<<<<

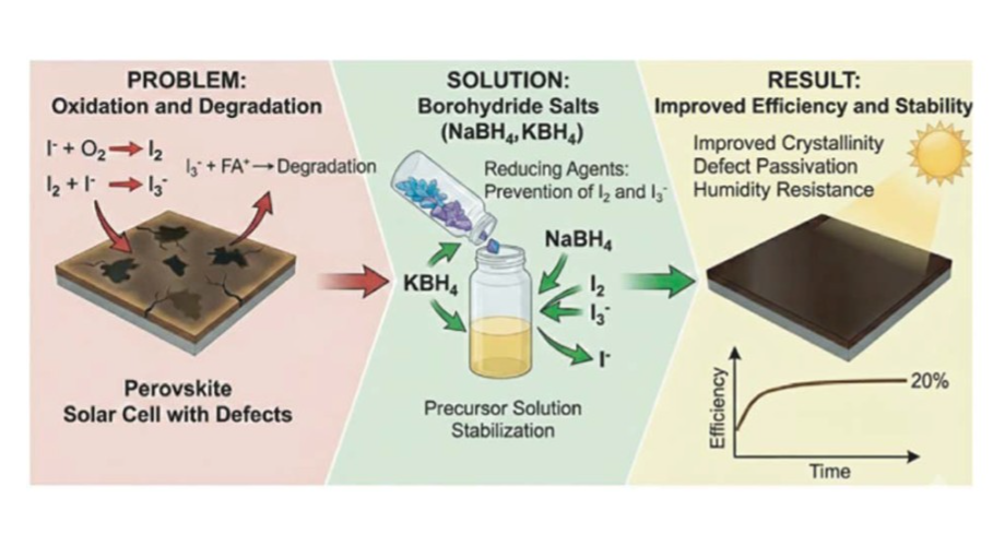 Here, solar cells fabricated with borohydride additives achieve efficiencies close to 20%, together with markedly improved durability. A particularly notable result is the long-term stability of unencapsulated CsFAPbI3 devices incorporating NaBH4 When stored strong under ambient conditions with 60% relative humidity at 25 °C. These devices retain stability for more than 900 hours after fabrication over five times longer than reference devices without additives. Furthermore, this demonstrates the strong protective effect of the reducing agent against moisture-induced degradation. These findings provide a promising pathway toward more reliable perovskite photovoltaics and contribute to overcoming one of the key challenges for their future large-scale commercialization.
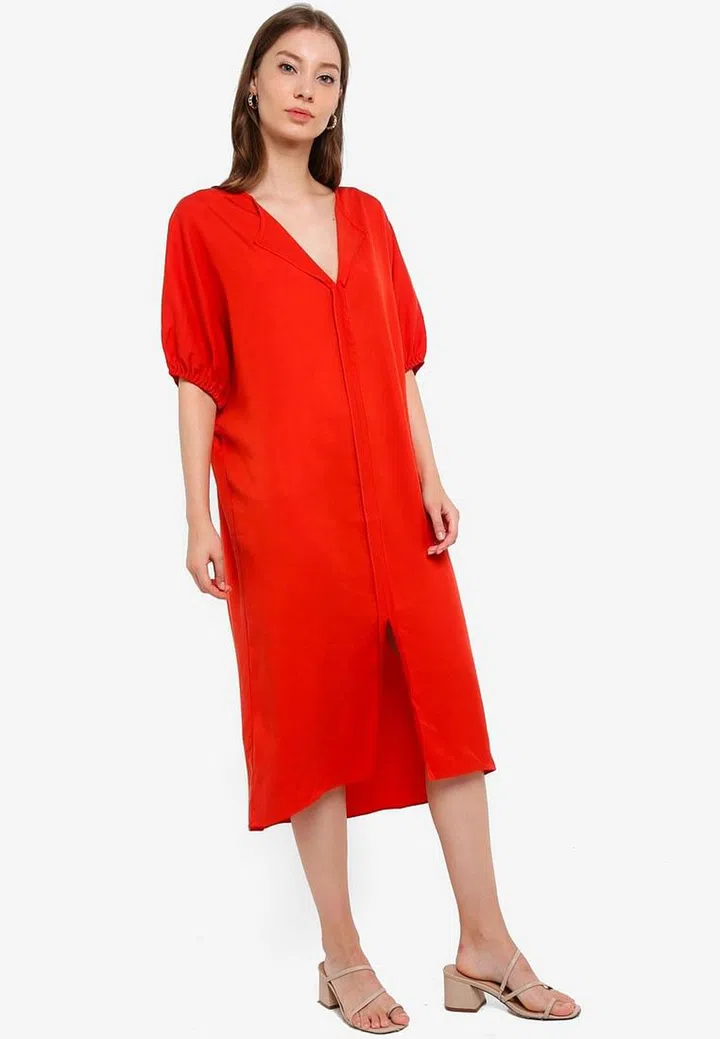What we love about this number is its plunging neckline. Complement its vermillion hue with a delicate gold necklace and a pair of white heeled sandals.
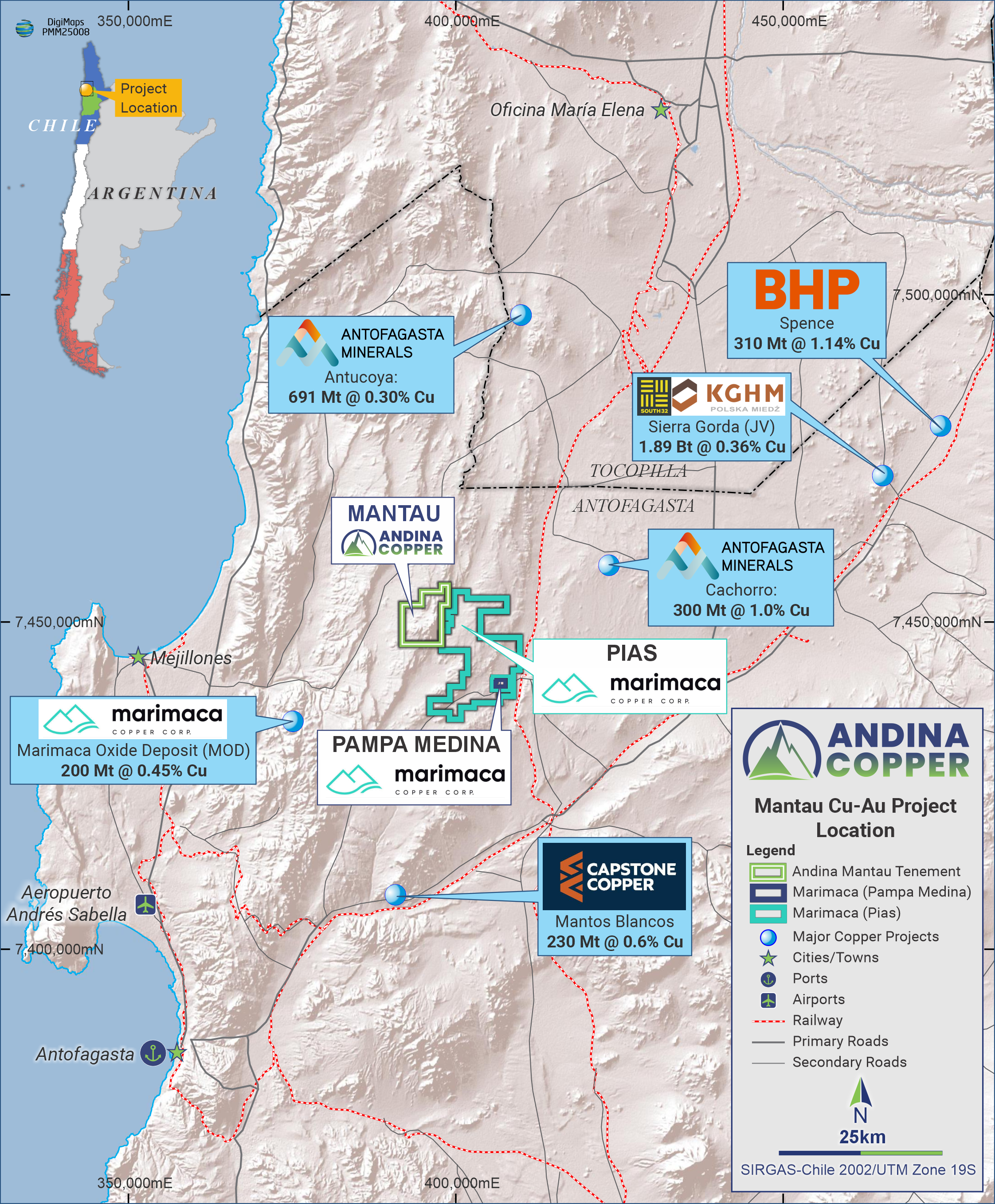 Potential identified for IOCG and stratabound Manto style copper and gold mineralization similar to Marimaca Copper Corp’s (TSX-V:MARI) recent nearby Pampa Medina sulphide copper discovery1 (refer Figure 1)
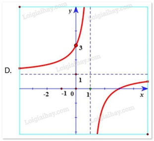 Hàm số \(y = \frac{{x - 2}}{{x - 1}}\) có đồ thị là hình vẽ nào sau đây? Hãy chọn câu trả lời đúng.
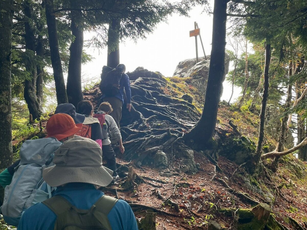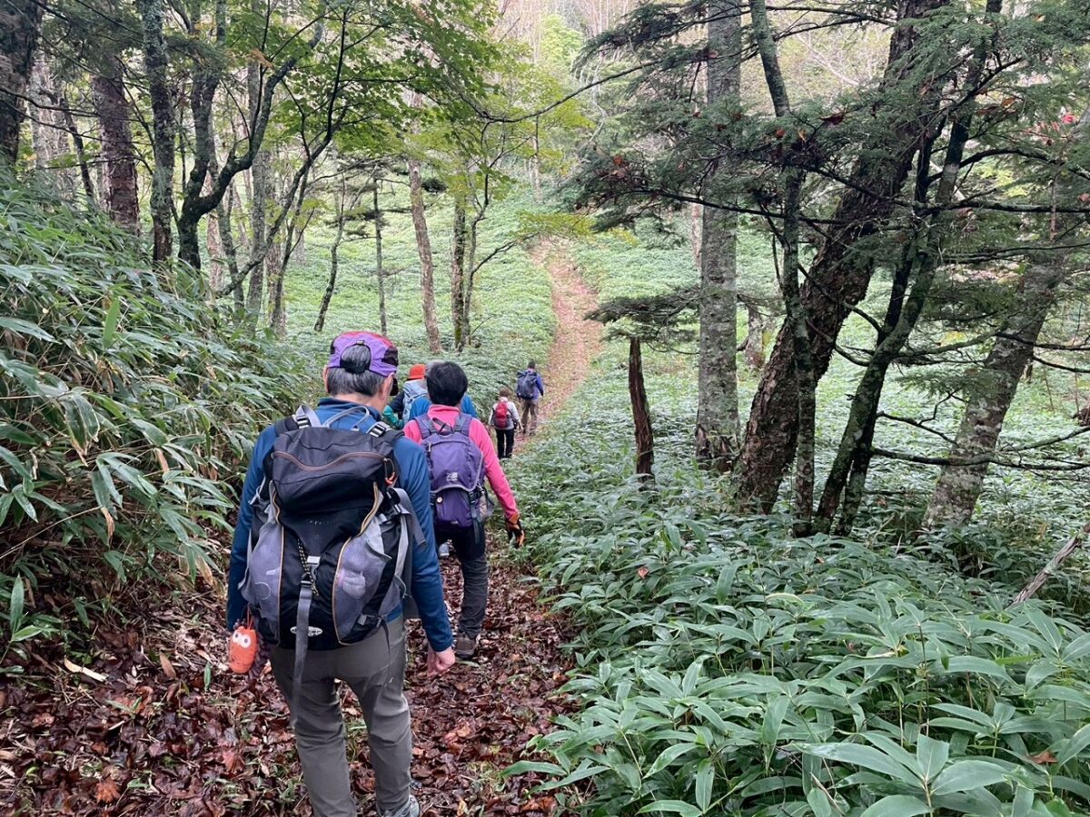 翌日は2~3万年前に、直径約45mの小惑星が衝突して形成されたといわれる御池山へ。気持ちのいい登山道を登り下り山頂を目指します。
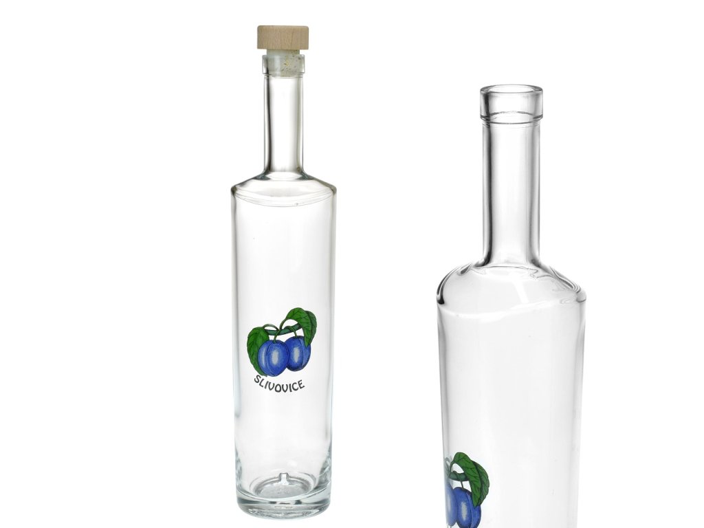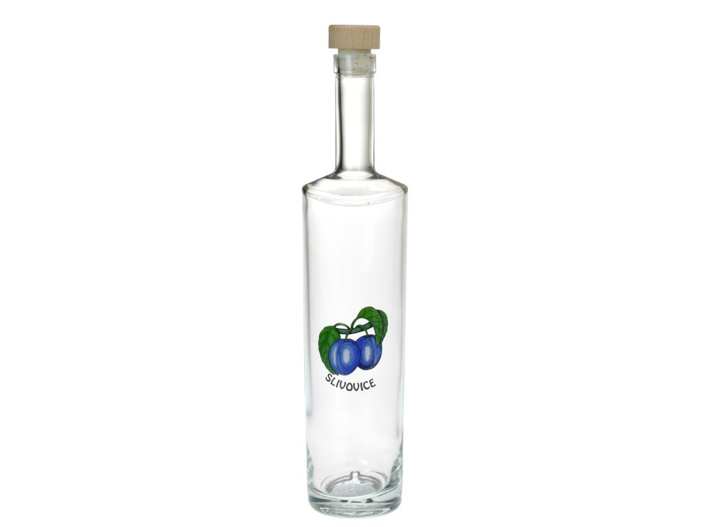 Vysoká elegantní láhev na slivovici s korkovou zátkou se dřevěným úchytem. Darujte pálenku stylově !
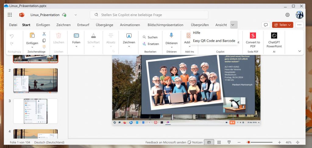 Beim Doppel-Klick auf eine Microsoft-Datei wird das Dokument in LibreOffice geladen und kann von da wieder im Microsoft-Format auf OneDrive gespeichert werden.
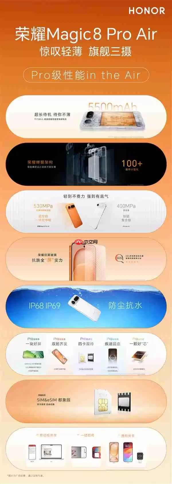 在网络连接方面,荣耀Magic8 Pro Air支持eSIM功能,可实现物理SIM卡与eSIM双卡并行,并支持灵活切换四卡双待模式,充分满足多卡用户和全球漫游人士的通讯需求。
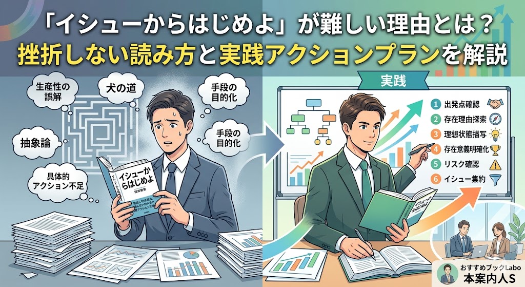 名著として名高い本書ですが、ネットで検索するとイシューからはじめよ難しいという声が意外と多いことに気づきます。実際、読者の中には、ビジネス書の初心者だからわかりやすい解説が欲しいと悩む方や、図解で思考を整理したいと考える方がたくさんいらっしゃいます。また、途中で挫折しないための読み方や、日々の業務で活用するためのコツを知りたいという方も少なくありません。頭では理解できてもなかなか実践に移せないという壁を感じ、具体的なアクションプランの作成や思考の習慣化に苦労している様子が伺えます。サジェストや関連キーワードを調べてみると、多くの方が同じような悩みで行き詰まっており、身近な具体例を交えた解説を求めていることがよくわかります。この記事では、そんな壁にぶつかっているあなたが、明日から現場で使えるスキルとして本書の内容を落とし込めるよう、丁寧にナビゲートしていきますね。
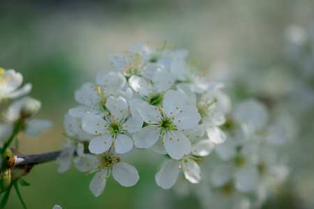 branch of cherry blossoms with white flowers in a spring garden, close up

>>>>

**What is expected:**
Write the entries above out again exactly, but not the pictures.

**Exercise answer:**
 Here, solar cells fabricated with borohydride additives achieve efficiencies close to 20%, together with markedly improved durability. A particularly notable result is the long-term stability of unencapsulated CsFAPbI3 devices incorporating NaBH4 When stored strong under ambient conditions with 60% relative humidity at 25 °C. These devices retain stability for more than 900 hours after fabrication over five times longer than reference devices without additives. Furthermore, this demonstrates the strong protective effect of the reducing agent against moisture-induced degradation. These findings provide a promising pathway toward more reliable perovskite photovoltaics and contribute to overcoming one of the key challenges for their future large-scale commercialization.
What we love about this number is its plunging neckline. Complement its vermillion hue with a delicate gold necklace and a pair of white heeled sandals.
 Potential identified for IOCG and stratabound Manto style copper and gold mineralization similar to Marimaca Copper Corp’s (TSX-V:MARI) recent nearby Pampa Medina sulphide copper discovery1 (refer Figure 1)
 Hàm số \(y = \frac{{x - 2}}{{x - 1}}\) có đồ thị là hình vẽ nào sau đây? Hãy chọn câu trả lời đúng.
 翌日は2~3万年前に、直径約45mの小惑星が衝突して形成されたといわれる御池山へ。気持ちのいい登山道を登り下り山頂を目指します。
 Vysoká elegantní láhev na slivovici s korkovou zátkou se dřevěným úchytem. Darujte pálenku stylově !
 Beim Doppel-Klick auf eine Microsoft-Datei wird das Dokument in LibreOffice geladen und kann von da wieder im Microsoft-Format auf OneDrive gespeichert werden.
 在网络连接方面,荣耀Magic8 Pro Air支持eSIM功能,可实现物理SIM卡与eSIM双卡并行,并支持灵活切换四卡双待模式,充分满足多卡用户和全球漫游人士的通讯需求。
 名著として名高い本書ですが、ネットで検索するとイシューからはじめよ難しいという声が意外と多いことに気づきます。実際、読者の中には、ビジネス書の初心者だからわかりやすい解説が欲しいと悩む方や、図解で思考を整理したいと考える方がたくさんいらっしゃいます。また、途中で挫折しないための読み方や、日々の業務で活用するためのコツを知りたいという方も少なくありません。頭では理解できてもなかなか実践に移せないという壁を感じ、具体的なアクションプランの作成や思考の習慣化に苦労している様子が伺えます。サジェストや関連キーワードを調べてみると、多くの方が同じような悩みで行き詰まっており、身近な具体例を交えた解説を求めていることがよくわかります。この記事では、そんな壁にぶつかっているあなたが、明日から現場で使えるスキルとして本書の内容を落とし込めるよう、丁寧にナビゲートしていきますね。
 branch of cherry blossoms with white flowers in a spring garden, close up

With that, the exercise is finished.